Application Framework¶
An application within this framework presents its work as a graph of functions. The framework is responsible for executing subgraphs of functions using
Grid Engine,
Multiple subprocesses, respecting a memory limit on the machine,
A single process, or
Within unit tests.
The ability to run individual functions within unit tests enables a kind of testing called thread testing, which is a high-level test, from invocation to result.
With this framework, there is no need to make a separate main()
for each UGE job. The level of abstraction is at a function level,
where each function declares its memory, time, and CPU requirements.

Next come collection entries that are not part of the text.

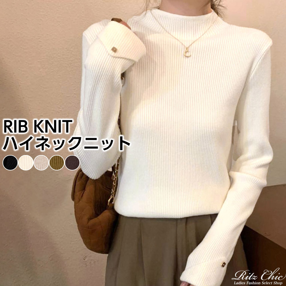 ハイネック リブニット 長袖 レディース 韓国 春秋冬 ニット きれいめ 大人 カジュアル おしゃれ 袖ボタン シンプル 通勤 無地 伸縮性 大人可愛い 大人女子
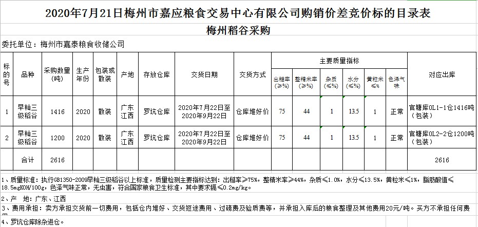 受客戶委托,梅州市嘉應(yīng)糧食交易中心有限公司定于2020年7月21日(星期二)舉辦稻谷購銷價(jià)差聯(lián)動(dòng)標(biāo)的交易會(huì),梅州市嘉泰糧食收儲公司擬銷售和采購早秈稻2616噸。
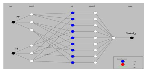 By using an artificial neural network (ANN) as a learning method, fuzzy rules are learned. Without the expert knowledge often necessary for the usual form of FCL, such control may be learned, and the rules base can be reduced. Training phases establish the input control parameters and output of membership functions (MF). The goal of the learning algorithm is to modify the input parameters and output MFs to get the optimal output alignment for the proposed controller [27]. The control parameters of a network are often identified using a hybrid learning technique called “Least Squares Estimate-LSE and Gradient Descent-GD” [28]. In the current study, the controller grid power’s two inputs were generated by solar and wind energy. Wind turbine power and PV power with one output for power load decision to the control unit of DG the structure as shown in Figure 5. Structure breaks the universe for discourse into three-triangle MFs with a 50% overlap, followed by controller inputs and control p controller generates “three inputs and one output”, with a control rule of 9 as a result, requiring the specification of linear functions. One piece of data must be produced in order to tweak the TS rules using neuro-fuzzy. The controller’s input data consists of data vectors with PV/WT results that follow Equations 1 and 2, with the controller’s output going to the DG control unit. Figure 6 depicts the control designer’s output validation surface. The MATLABGUI for neuro-fuzzy file contained in the toolbox of MATLAB/fuzzy is employed to carry out the training operation.

The framework will automatically create a main()
with which to
invoke individual jobs, if one isn’t supplied.
Future Functionality¶
Because this framework is built around a graph of jobs, the graph structure is available for building tools to run an application within a larger framework and tools to check the status of jobs. While qstat tells you how each individual job is running, the graph of jobs tells you what that implies about whether other jobs have already run or are going to run.
GridEngineApp Tutorial¶
This follows the location_app
example in the
examples directory.
The Application¶
We are going to build a graph of Jobs, where a Job is a class that holds code to run in a UGE job on the cluster. For instance, our code could use the locations hierarchy, in which case we would build the graph as follows:
import networkx as nx
import db_queries
def location_graph(gbd_round_id, location_set_version_id):
location_df = db_queries.get_location_metadata(
gbd_round_id=gbd_round_id, location_set_version_id=location_set_version_id)
G = nx.DiGraph()
G.add_nodes_from([
(int(row.location_id), row._asdict())
for row in location_df.itertuples()])
# GBD encodes the global node as having itself as a parent.
G.add_edges_from([
(int(row.parent_id), int(row.location_id))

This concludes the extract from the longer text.